Task: Once you reach the line with "режимов, 220 В" below, copy each line exactly, stopping after the line with "2 5 3 0 3 5", and skip any pictures.
*** Opening of Exercise material ***
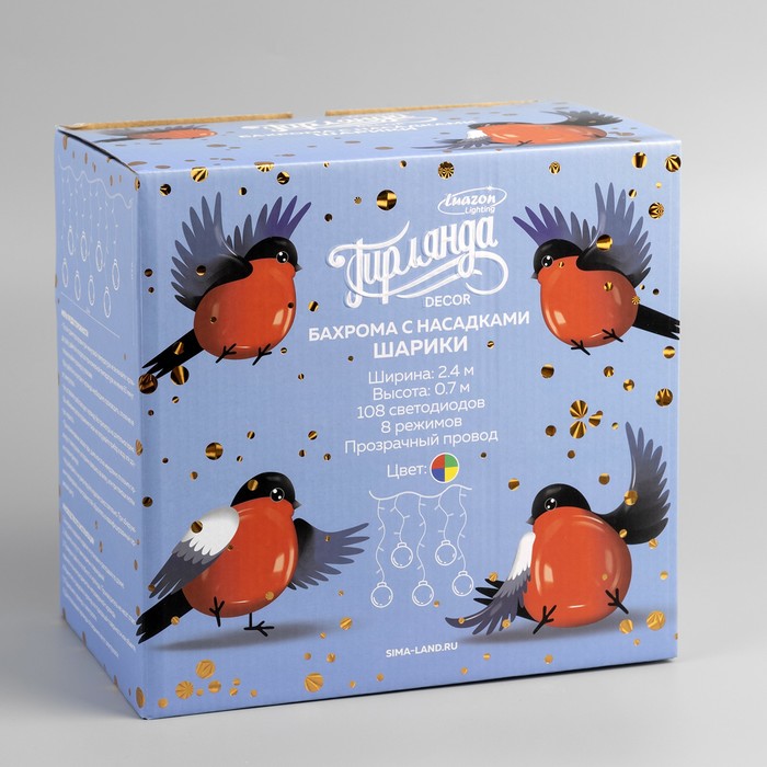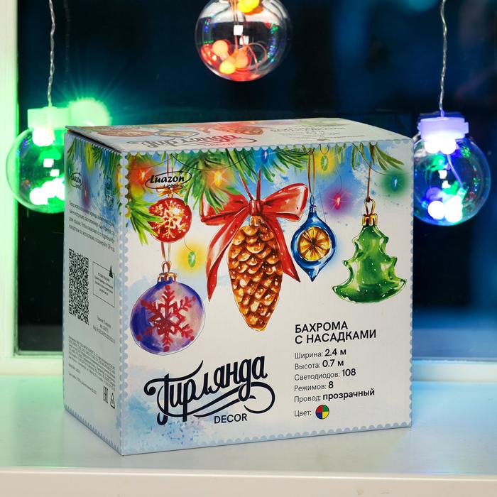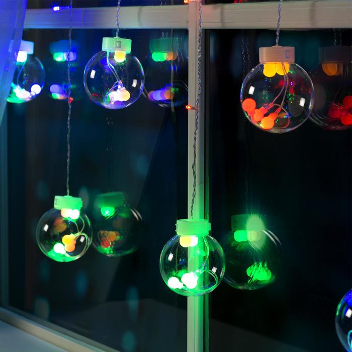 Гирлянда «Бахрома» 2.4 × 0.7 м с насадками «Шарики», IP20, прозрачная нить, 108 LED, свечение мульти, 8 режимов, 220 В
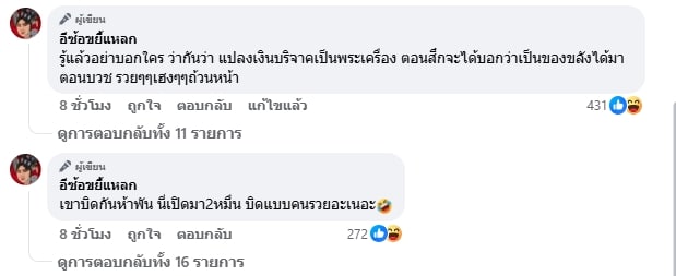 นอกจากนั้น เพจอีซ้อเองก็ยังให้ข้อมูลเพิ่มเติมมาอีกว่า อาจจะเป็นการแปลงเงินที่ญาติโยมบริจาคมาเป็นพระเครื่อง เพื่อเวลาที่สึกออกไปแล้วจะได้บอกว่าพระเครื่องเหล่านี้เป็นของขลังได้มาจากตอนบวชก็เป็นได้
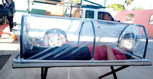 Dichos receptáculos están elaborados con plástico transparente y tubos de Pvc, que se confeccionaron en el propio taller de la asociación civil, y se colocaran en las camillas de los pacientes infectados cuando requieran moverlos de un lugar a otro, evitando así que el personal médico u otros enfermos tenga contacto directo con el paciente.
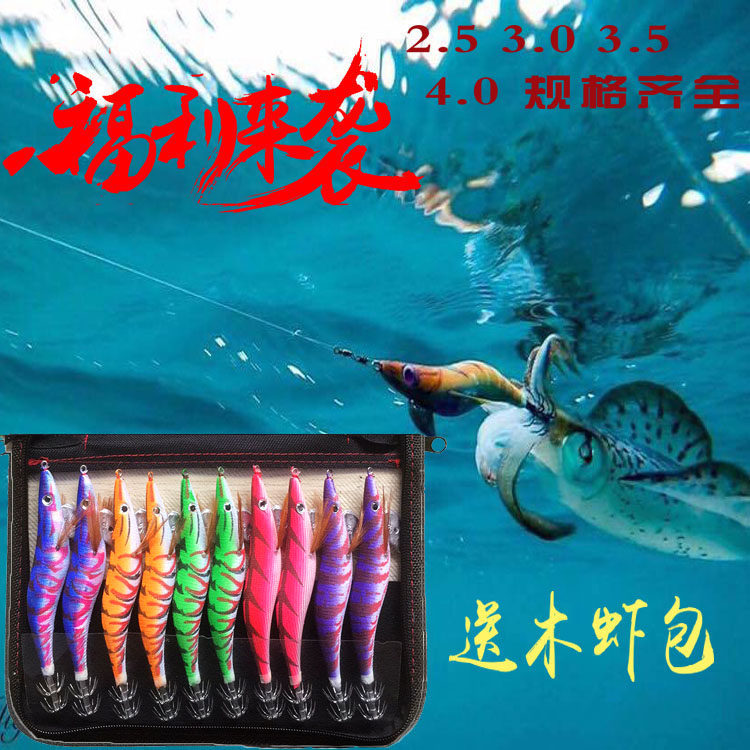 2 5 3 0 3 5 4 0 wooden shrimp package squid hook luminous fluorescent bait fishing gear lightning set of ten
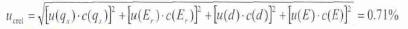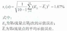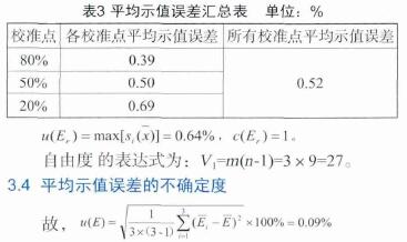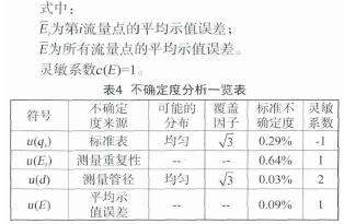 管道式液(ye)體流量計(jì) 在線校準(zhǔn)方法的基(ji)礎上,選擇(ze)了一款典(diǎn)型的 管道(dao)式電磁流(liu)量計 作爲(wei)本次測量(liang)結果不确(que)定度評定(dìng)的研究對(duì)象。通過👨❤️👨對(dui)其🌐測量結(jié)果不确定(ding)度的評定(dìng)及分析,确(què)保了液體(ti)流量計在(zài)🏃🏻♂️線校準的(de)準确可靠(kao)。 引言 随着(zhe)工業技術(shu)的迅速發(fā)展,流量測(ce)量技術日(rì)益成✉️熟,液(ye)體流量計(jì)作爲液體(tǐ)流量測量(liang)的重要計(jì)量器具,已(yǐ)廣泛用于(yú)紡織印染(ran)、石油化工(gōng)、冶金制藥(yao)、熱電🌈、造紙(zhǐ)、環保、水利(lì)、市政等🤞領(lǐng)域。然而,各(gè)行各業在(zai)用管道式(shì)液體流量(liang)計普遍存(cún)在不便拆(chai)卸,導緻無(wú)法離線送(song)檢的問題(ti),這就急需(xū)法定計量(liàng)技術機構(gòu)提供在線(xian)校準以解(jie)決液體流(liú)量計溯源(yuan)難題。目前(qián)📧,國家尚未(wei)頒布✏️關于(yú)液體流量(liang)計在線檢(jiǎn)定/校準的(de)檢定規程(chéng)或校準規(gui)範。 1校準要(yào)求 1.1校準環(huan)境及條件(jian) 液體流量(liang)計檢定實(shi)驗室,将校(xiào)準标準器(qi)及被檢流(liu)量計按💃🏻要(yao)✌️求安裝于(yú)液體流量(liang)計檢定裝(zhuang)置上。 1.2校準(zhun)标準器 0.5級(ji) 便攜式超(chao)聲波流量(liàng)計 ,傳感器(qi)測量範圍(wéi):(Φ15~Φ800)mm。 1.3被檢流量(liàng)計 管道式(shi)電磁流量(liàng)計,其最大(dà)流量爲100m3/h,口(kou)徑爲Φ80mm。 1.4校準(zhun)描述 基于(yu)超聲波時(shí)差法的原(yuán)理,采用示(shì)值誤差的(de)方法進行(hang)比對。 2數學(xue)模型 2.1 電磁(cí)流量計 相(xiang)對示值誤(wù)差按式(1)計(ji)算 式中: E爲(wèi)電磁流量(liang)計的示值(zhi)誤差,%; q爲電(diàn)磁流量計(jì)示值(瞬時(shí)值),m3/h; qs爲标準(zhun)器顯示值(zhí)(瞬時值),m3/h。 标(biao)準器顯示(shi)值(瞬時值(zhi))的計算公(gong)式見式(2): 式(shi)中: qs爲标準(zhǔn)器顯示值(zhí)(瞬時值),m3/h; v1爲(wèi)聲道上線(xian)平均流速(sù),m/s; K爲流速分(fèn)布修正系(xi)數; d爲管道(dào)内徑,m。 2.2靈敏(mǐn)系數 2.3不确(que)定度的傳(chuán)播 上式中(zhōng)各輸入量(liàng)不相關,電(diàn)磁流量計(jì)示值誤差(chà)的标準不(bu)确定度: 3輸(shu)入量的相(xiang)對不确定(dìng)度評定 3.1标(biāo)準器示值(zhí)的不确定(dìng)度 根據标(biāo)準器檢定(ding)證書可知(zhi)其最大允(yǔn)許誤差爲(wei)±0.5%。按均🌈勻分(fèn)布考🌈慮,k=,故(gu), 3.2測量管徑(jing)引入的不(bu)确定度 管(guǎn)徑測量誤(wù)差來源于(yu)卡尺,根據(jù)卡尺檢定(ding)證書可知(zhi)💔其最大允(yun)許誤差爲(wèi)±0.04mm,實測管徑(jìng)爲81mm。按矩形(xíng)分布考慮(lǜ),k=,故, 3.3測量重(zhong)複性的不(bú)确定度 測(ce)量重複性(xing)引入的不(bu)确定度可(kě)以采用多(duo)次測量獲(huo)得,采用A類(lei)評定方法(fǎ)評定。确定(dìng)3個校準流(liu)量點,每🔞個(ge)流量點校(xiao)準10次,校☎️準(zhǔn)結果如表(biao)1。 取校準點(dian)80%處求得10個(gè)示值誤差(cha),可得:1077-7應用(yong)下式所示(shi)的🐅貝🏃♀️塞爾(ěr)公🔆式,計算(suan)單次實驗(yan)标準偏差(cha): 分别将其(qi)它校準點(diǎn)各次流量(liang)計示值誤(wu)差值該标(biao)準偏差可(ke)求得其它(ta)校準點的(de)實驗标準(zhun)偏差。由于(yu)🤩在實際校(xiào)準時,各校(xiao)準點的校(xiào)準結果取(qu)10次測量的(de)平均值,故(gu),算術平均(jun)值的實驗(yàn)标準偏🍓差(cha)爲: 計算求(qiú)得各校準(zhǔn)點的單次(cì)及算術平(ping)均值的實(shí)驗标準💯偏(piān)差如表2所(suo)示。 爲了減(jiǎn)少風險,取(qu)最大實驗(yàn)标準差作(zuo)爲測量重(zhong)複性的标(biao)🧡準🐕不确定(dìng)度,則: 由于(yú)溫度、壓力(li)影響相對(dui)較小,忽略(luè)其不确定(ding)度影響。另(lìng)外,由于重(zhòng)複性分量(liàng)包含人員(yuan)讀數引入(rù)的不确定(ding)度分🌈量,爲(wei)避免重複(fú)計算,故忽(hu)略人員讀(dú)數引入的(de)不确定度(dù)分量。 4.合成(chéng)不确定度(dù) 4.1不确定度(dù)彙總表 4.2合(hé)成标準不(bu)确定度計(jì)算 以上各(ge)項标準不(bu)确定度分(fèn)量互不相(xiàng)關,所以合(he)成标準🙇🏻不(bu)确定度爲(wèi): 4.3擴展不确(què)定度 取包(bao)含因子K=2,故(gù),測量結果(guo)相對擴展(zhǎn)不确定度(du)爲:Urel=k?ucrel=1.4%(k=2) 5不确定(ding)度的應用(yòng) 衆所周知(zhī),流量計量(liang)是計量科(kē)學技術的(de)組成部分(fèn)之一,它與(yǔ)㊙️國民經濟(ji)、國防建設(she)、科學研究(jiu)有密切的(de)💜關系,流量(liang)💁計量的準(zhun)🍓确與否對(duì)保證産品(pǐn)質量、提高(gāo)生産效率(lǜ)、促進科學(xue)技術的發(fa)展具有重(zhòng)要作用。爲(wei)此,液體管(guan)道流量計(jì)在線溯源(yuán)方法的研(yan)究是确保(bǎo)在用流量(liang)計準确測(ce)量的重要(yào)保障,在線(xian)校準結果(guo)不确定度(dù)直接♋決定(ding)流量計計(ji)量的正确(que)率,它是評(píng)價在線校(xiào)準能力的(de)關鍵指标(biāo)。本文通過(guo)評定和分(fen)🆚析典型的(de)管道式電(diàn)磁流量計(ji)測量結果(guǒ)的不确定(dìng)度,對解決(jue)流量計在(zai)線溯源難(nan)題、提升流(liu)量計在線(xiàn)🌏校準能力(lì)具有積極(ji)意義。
*** Close of Exercise material ***
*** Opening of Exercise material ***
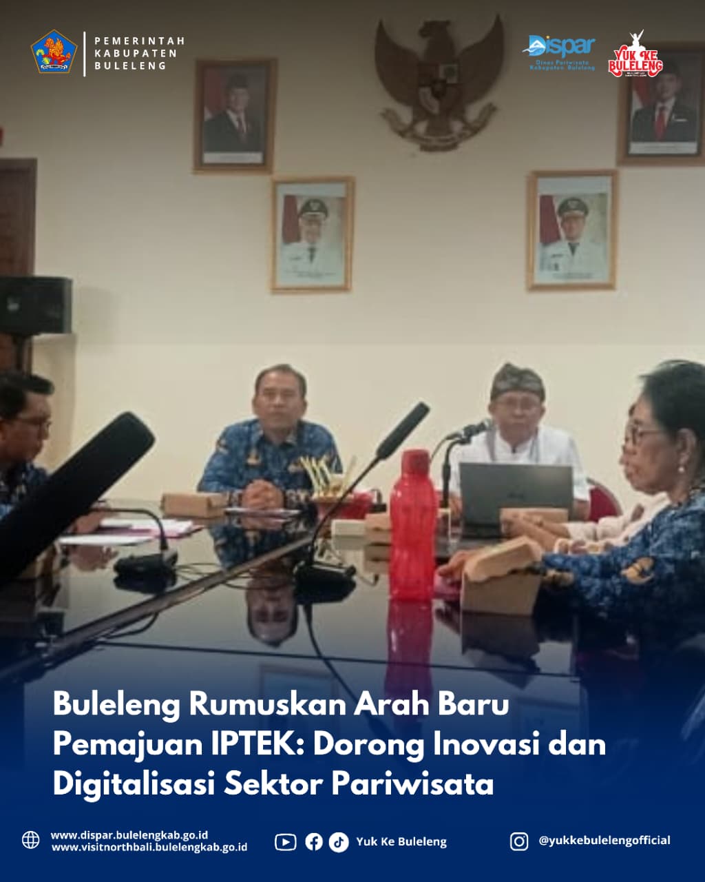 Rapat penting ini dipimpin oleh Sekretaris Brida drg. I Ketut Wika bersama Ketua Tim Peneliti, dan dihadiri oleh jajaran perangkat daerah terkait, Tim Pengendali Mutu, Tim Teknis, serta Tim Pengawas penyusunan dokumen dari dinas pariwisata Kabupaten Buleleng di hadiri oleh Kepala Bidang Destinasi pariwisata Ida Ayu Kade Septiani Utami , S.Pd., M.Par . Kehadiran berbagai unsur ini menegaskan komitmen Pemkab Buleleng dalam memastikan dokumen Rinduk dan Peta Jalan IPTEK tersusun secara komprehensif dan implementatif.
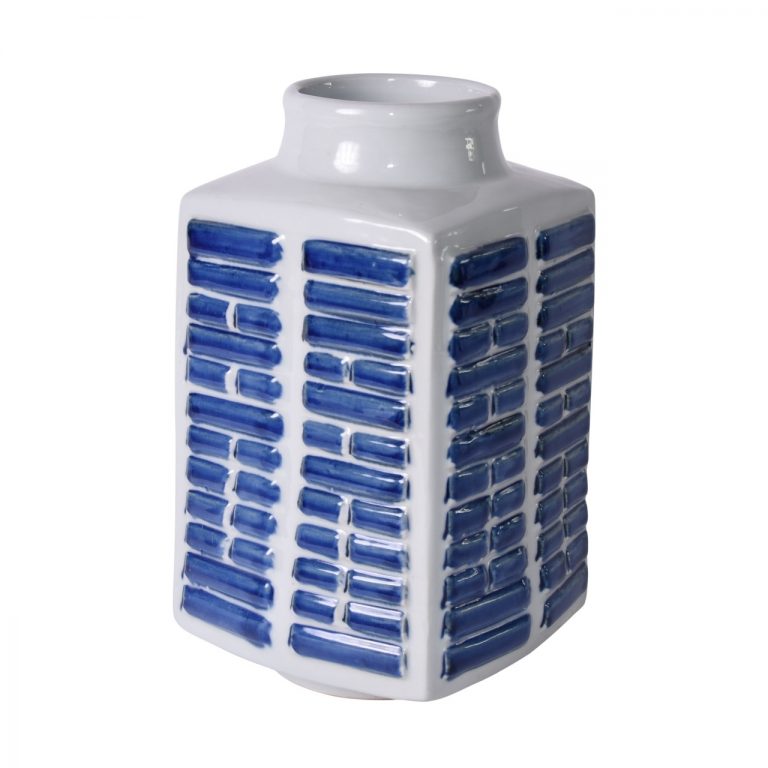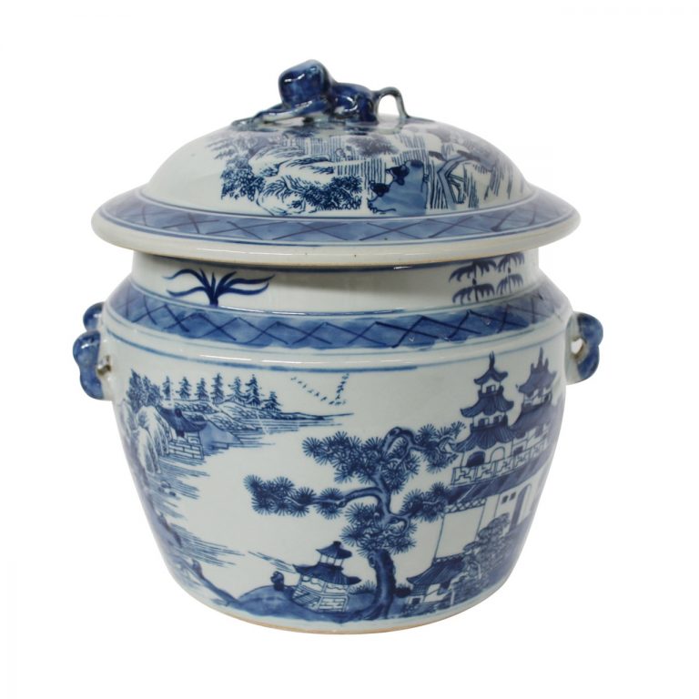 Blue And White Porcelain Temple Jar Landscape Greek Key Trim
*** Close of Exercise material ***
*** Opening of Exercise material ***
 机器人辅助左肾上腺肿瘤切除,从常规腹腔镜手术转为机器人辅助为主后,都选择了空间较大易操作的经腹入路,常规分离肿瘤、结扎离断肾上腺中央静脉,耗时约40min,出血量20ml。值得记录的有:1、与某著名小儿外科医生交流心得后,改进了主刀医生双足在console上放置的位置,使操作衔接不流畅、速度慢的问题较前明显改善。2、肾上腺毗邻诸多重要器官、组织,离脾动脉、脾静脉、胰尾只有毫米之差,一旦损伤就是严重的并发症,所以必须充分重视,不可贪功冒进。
*** Close of Exercise material ***
Response for this exercise:
 Гирлянда «Бахрома» 2.4 × 0.7 м с насадками «Шарики», IP20, прозрачная нить, 108 LED, свечение мульти, 8 режимов, 220 В
 นอกจากนั้น เพจอีซ้อเองก็ยังให้ข้อมูลเพิ่มเติมมาอีกว่า อาจจะเป็นการแปลงเงินที่ญาติโยมบริจาคมาเป็นพระเครื่อง เพื่อเวลาที่สึกออกไปแล้วจะได้บอกว่าพระเครื่องเหล่านี้เป็นของขลังได้มาจากตอนบวชก็เป็นได้
 Dichos receptáculos están elaborados con plástico transparente y tubos de Pvc, que se confeccionaron en el propio taller de la asociación civil, y se colocaran en las camillas de los pacientes infectados cuando requieran moverlos de un lugar a otro, evitando así que el personal médico u otros enfermos tenga contacto directo con el paciente.
 2 5 3 0 3 5 4 0 wooden shrimp package squid hook luminous fluorescent bait fishing gear lightning set of ten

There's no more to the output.